I spent most of today writing exam questions. Not my favourite way to spend a Saturday,  but I guess I was paying for taking most of Monday off to go for a walk along the beach. We got as far as White Sands Beach, a couple of miles down the coast from Dunbar. Lafarge are busy digging up the Carboniferous limestone here to make cement, but there is a strip along the coast that is protected from their activities. The limestone here is not the metres and metres of nothing-but-limestone that you get in Derbyshire or the Northern pennines. Instead, it comes in layers a few metres thick, sandwiched between layers of sandstone.

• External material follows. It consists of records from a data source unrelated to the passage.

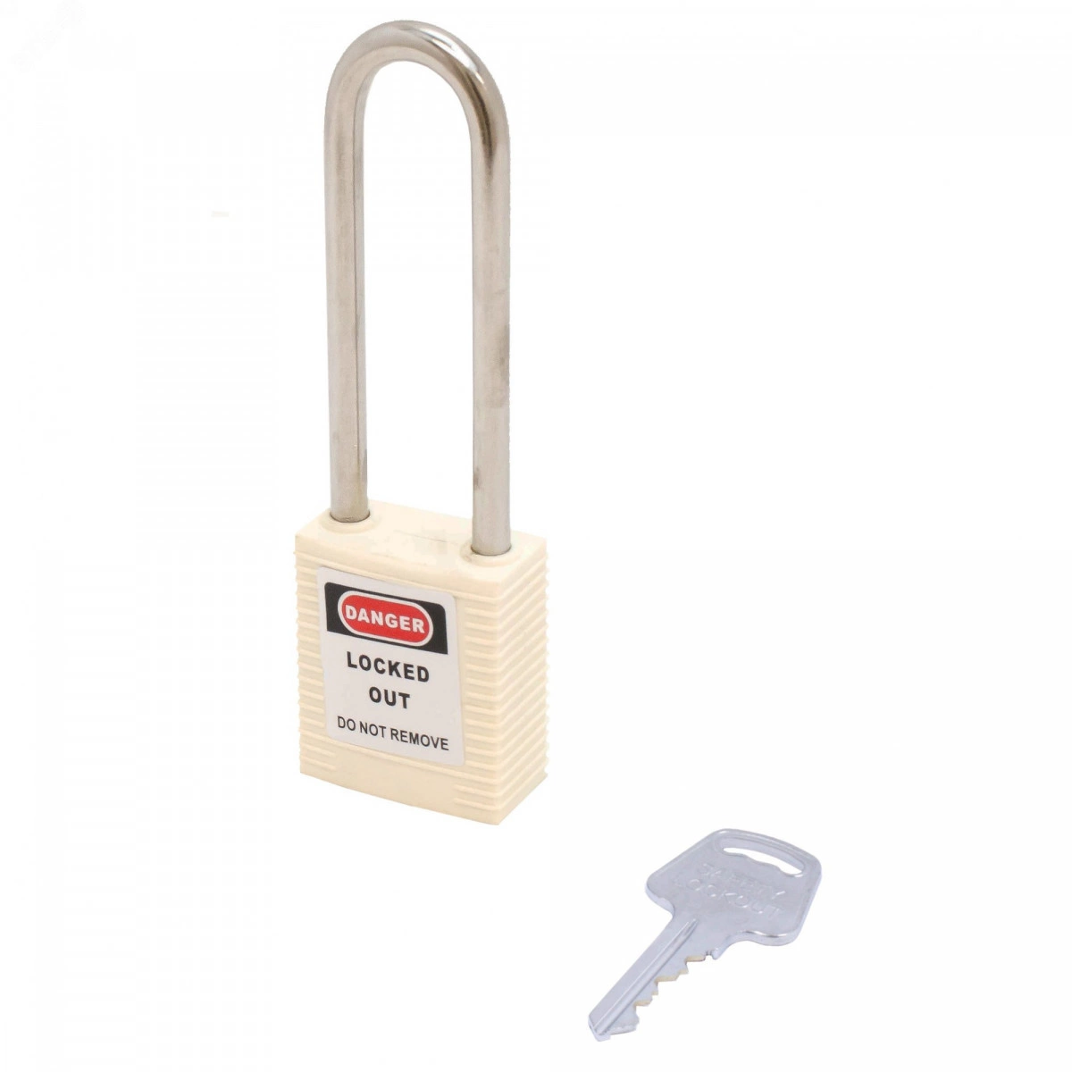 Замок навесной. Пластиковый корпус устойчивый к УФ-лучам, химически агрессивным средам и температурам, размер корпуса 45x40x20 мм (ВxШxГ), дужка из нержавеющей стали, высота от корпуса до дужки 76 мм, диаметр дужки 6 мм, латунный цилиндр (6 пин) с 1 ключом, цвет корпуса белый, система ключей KA/KD/MK/KAMK.
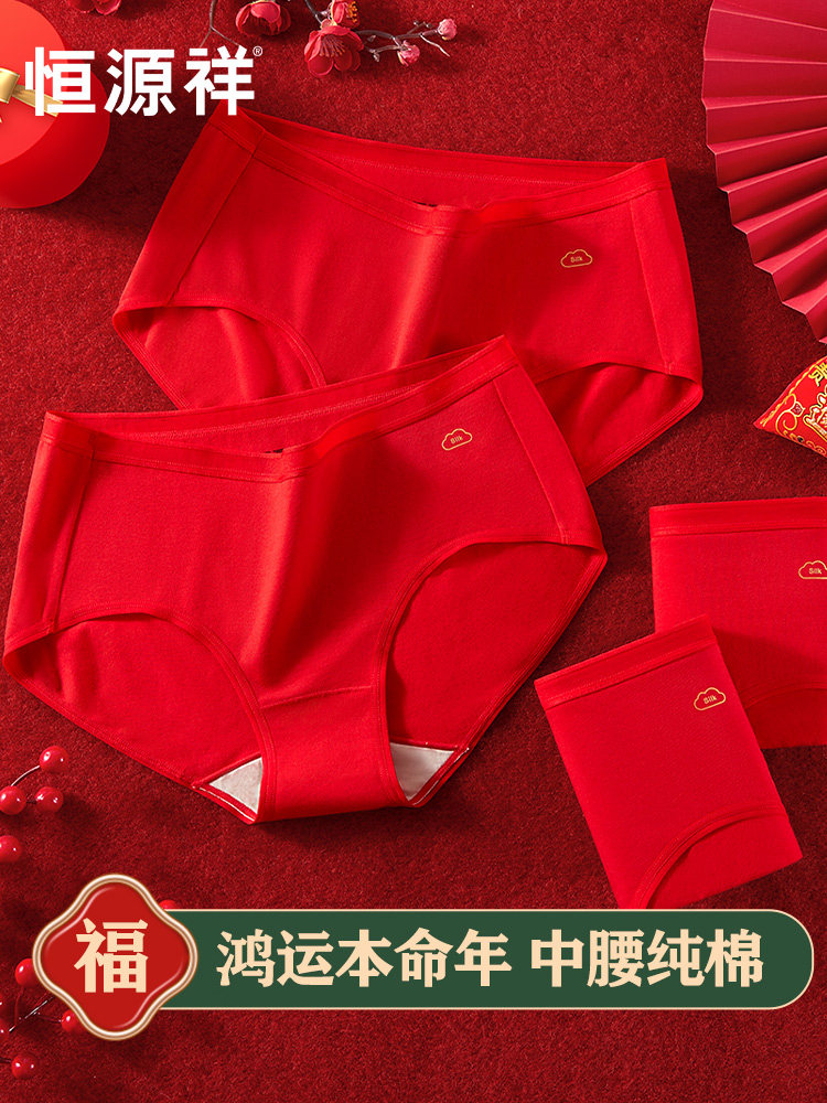 Hengyuanxiang Zodiac Year Red Underwear for Men and Women, Pure Cotton Antibacterial Shorts, Red Briefs, Women's Wedding Pants for the Year of the Snake
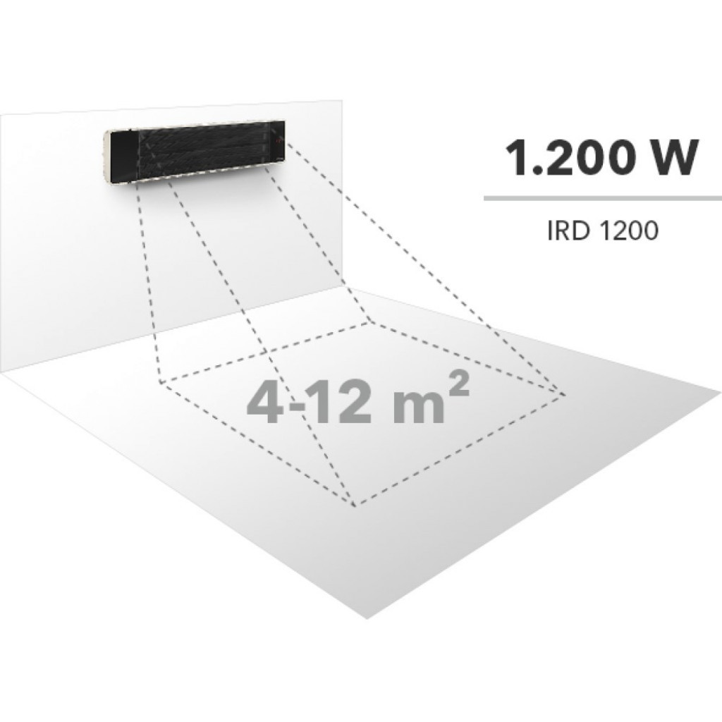 IRD 1200 omogućava ravnomjernu i preciznu distribuciju topline. Zato je ovaj uređaj idealan za prostorije zaštićene od vjetra kao što su terase, balkoni, terase restorana i zatvoreni unutarnji prostori.

You can see this very clearly at the east end of the beach.

contact

The limestone (right, higher up the beach) looks almost like dodgy old cement, except for the fact that it is stuffed with fossils. It isn’t very thick; where the recent bad weather has eroded the soil at the top of the beach you can see the top of the limestone. This band is called (I think) the Middle Longcraig limestone; it is one of several similar limestone bands.

A bit further along, the top surface of the limestone is covered with basin-shaped depressions.

dimples

The basins are thought to be the locations of root balls of tree-sized plants that grew in a soil layer immediately on top of the limestone. So they are of a similar age to the limestone itself; they are not the result of more recent erosion.

Talking of erosion, it always amuses me to see this phenomenon on a beach.

cragtail

It is almost like a scale model of the “crag and tail” landform that Edinburgh Castle and the Royal Mile are built on, with the pebbles representing the castle rock and the wind representing the ice sheet.

In addition to the rocks I saw four sorts of ducks. Definitely a day too nice to have spent indoors.